**Data for processing:**
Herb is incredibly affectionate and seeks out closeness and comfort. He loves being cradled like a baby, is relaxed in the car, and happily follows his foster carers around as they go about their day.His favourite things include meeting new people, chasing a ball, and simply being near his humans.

--

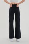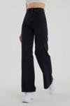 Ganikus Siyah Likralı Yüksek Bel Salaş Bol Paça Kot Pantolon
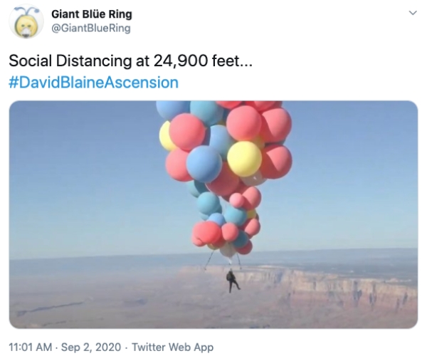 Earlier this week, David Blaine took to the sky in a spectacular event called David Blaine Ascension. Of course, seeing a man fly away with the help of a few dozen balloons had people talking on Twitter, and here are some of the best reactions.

**Exercise description:**
Once the line with "Ganikus Siyah Likralı" has been found above, output that line and every later line exactly, stopping after the line with "Earlier this week, David", and omit the pictures.

**Exercise output:**
 Ganikus Siyah Likralı Yüksek Bel Salaş Bol Paça Kot Pantolon
 Earlier this week, David Blaine took to the sky in a spectacular event called David Blaine Ascension. Of course, seeing a man fly away with the help of a few dozen balloons had people talking on Twitter, and here are some of the best reactions.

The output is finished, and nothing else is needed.